OpenMed опубликовал более 650 биомедицинских NER и de‑id моделей с запуском на устройстве через MLX

Проект OpenMed выпустил более 650 моделей для задач биомедицинского извлечения сущностей и де‑идентификации, которые можно запускать локально через MLX. Как сообщает r/LocalLLaMA (Reddit), все модели распространяются по лицензии Apache 2.0, а их исходные веса остаются теми же, что и в версиях для других фреймворков. В экосистеме проекта на Hugging Face размещено более 1,000 моделей. Python‑SDK openmed также распространяется по лицензии Apache 2.0. Инструменты предназначены для извлечения данных: например, multi‑entity biomedical NER (genes, chemicals, cancers, cells, organisms), disease NER, drug NER и multilingual PII de‑identification. При этом они не используются для диагностики или поддержки клинических решений.
В последнем обновлении добавили 410 сборок для MLX, после чего их общее число превысило 650. Эти модели можно запускать на macOS через MLX, а на iPhone и iPad через OpenMedKit, открытый пакет на Swift. В научной части авторы ссылаются на работу arXiv 2508.01630, где приведены результаты на 12 публичных датасетах.
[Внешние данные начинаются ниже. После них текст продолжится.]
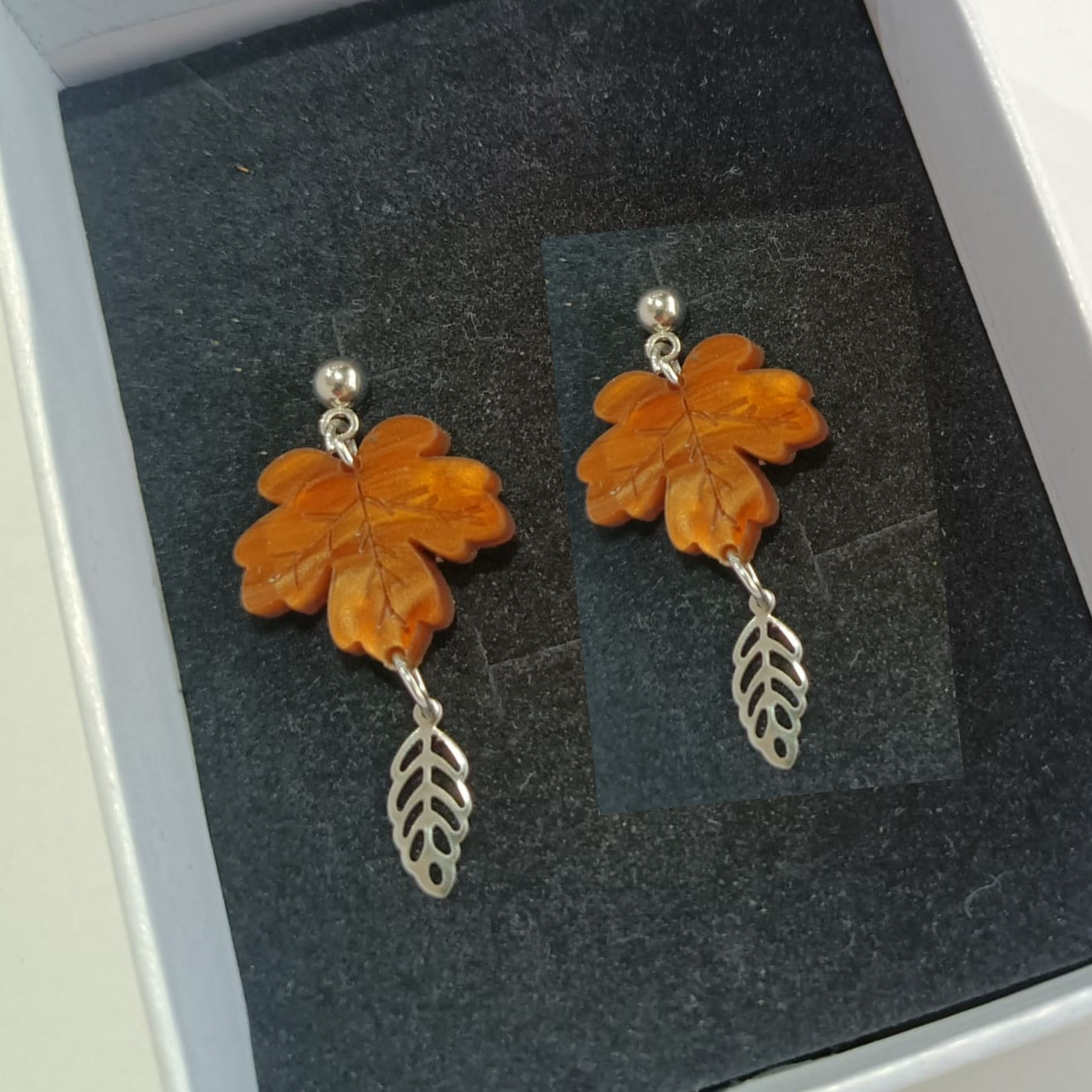 Nuestros pendientes son el complemento perfecto para tu look de otoño. Realizados en nuestro taller con materiales acrílicos, sus formas nos recuerdan a esta estación, son pendientes ligeros y duraderos. Con enganche y argollas de acero inoxidable, miden aproximadamente 3.5 cm. Consigue un look único, divertido y elegante con estos pendientes.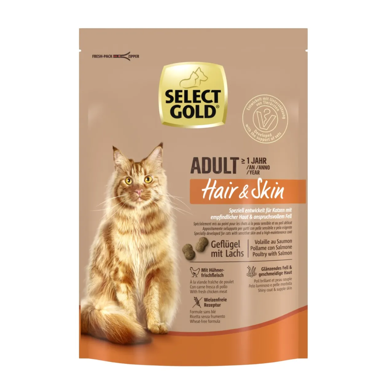 SELECT GOLD Hair & Skin Adult volaille au saumon est un aliment premium sec et équilibré, spécialement mis au point – Aliment complet pour les chats adultes à partir du 12ème mois environ. mois. Cet aliment sec de haute qualité, dont la recette ne contient pas de blé, est produit à partir de viande de poulet fraîche et savoureuse. Sa composition spéciale le rend particulièrement adapté aux chats à la peau sensible et au pelage dense ou plus long. Lors du développement de cette formule premium, les exigences physiologiques des chats adultes ont été prises en compte de manière ciblée.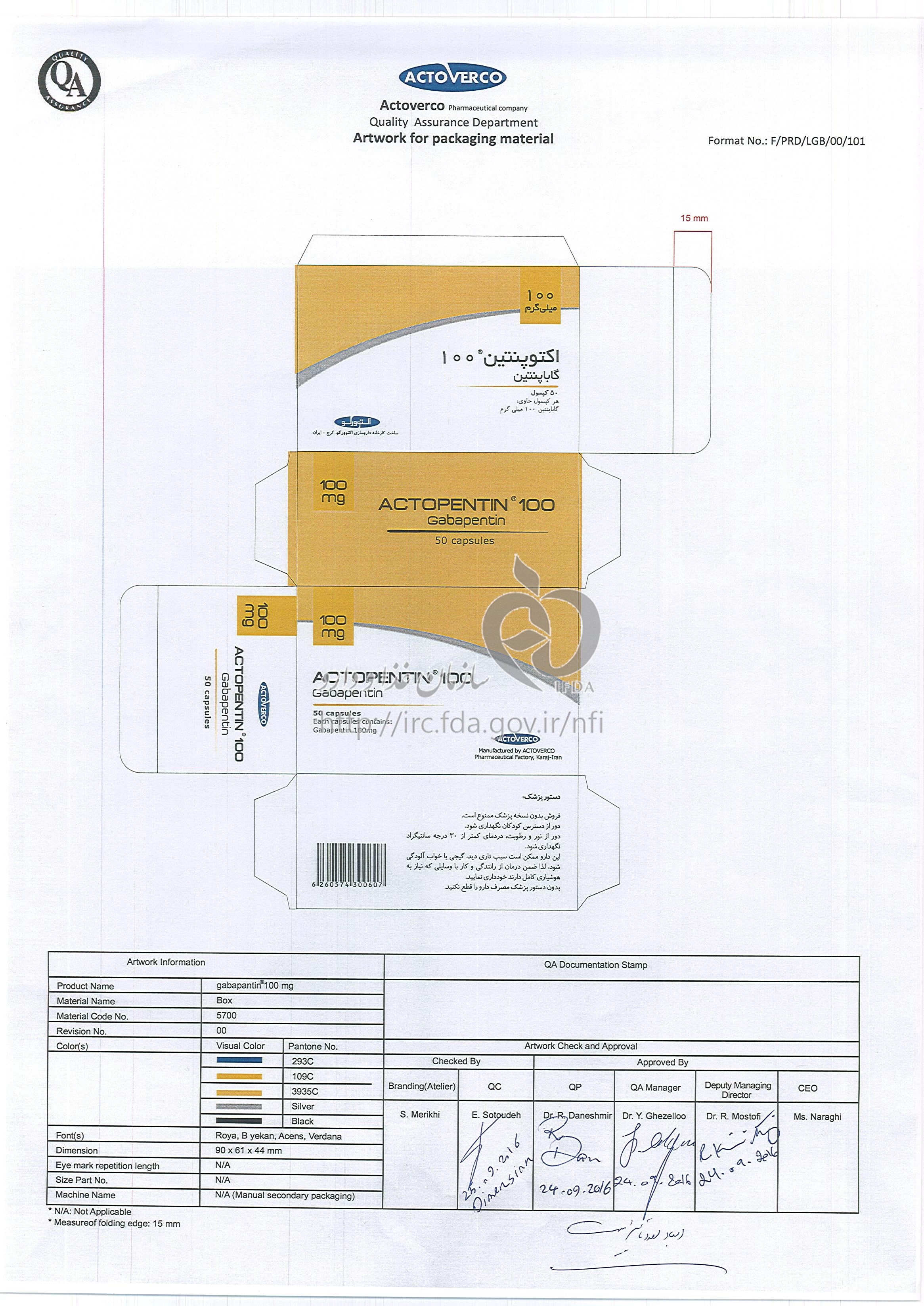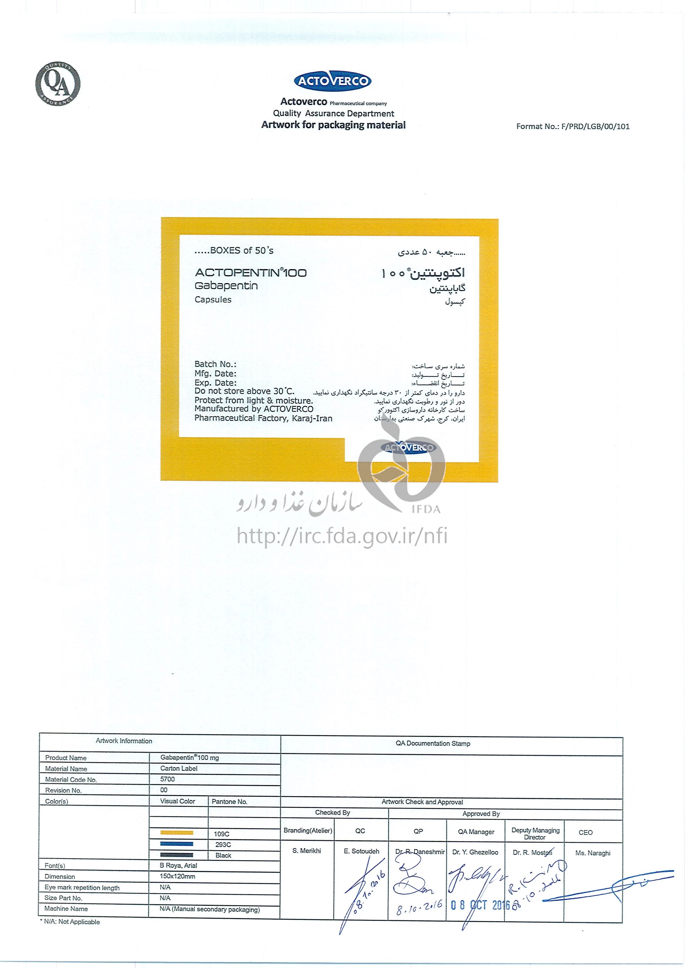 تداخل های دارویی اکتوپنتین کپسول خوراکی 100 mg

Тесты производительности показывают заметное ускорение при локальном запуске на Apple Silicon. На 3‑летнем MacBook Pro с M3 Max модель biomedical NER размером 434M обрабатывает данные за 27 ms в MLX, тогда как в PyTorch на CPU при той же точности fp32 и тех же весах требуется около 1080 ms. Извлечённые сущности при этом совпадают побайтно. В другом измерении приводятся значения 36 ms (MLX) против 1248 ms (PyTorch‑CPU‑bf16) для той же модели. Для модели PII de‑identification указано 46 ms против 1671 ms.
По словам автора, ускорение связано с архитектурой deberta‑v2. Механизм disentangled attention с вычислительной сложностью O(n^2) работает медленно на CPU, тогда как GPU в Apple Silicon справляется с такими вычислениями значительно быстрее.
Ключевые факты
Проект OpenMed сообщил о 410 новых сборках MLX, доведя общее число моделей до 650+, которые работают on‑device через MLX на macOS и через OpenMedKit на iPhone и iPad.
В экосистеме проекта более 1,000 моделей на Hugging Face; все модели и Python SDK OpenMed распространяются под лицензией Apache 2.0.
Бенчмарк показал, что клинические NER‑модели на MLX работают в 30–40 раз быстрее, чем PyTorch на CPU на 3‑летнем MacBook Pro M3 Max при той же точности fp32 и идентичных извлечённых сущностях.
Для модели biomedical NER размером 434M указано ~27 мс на MLX против ~1080 мс на PyTorch‑CPU fp32; для PII de‑identification 434M, 46 мс на MLX против 1671 мс на PyTorch‑CPU‑bf16.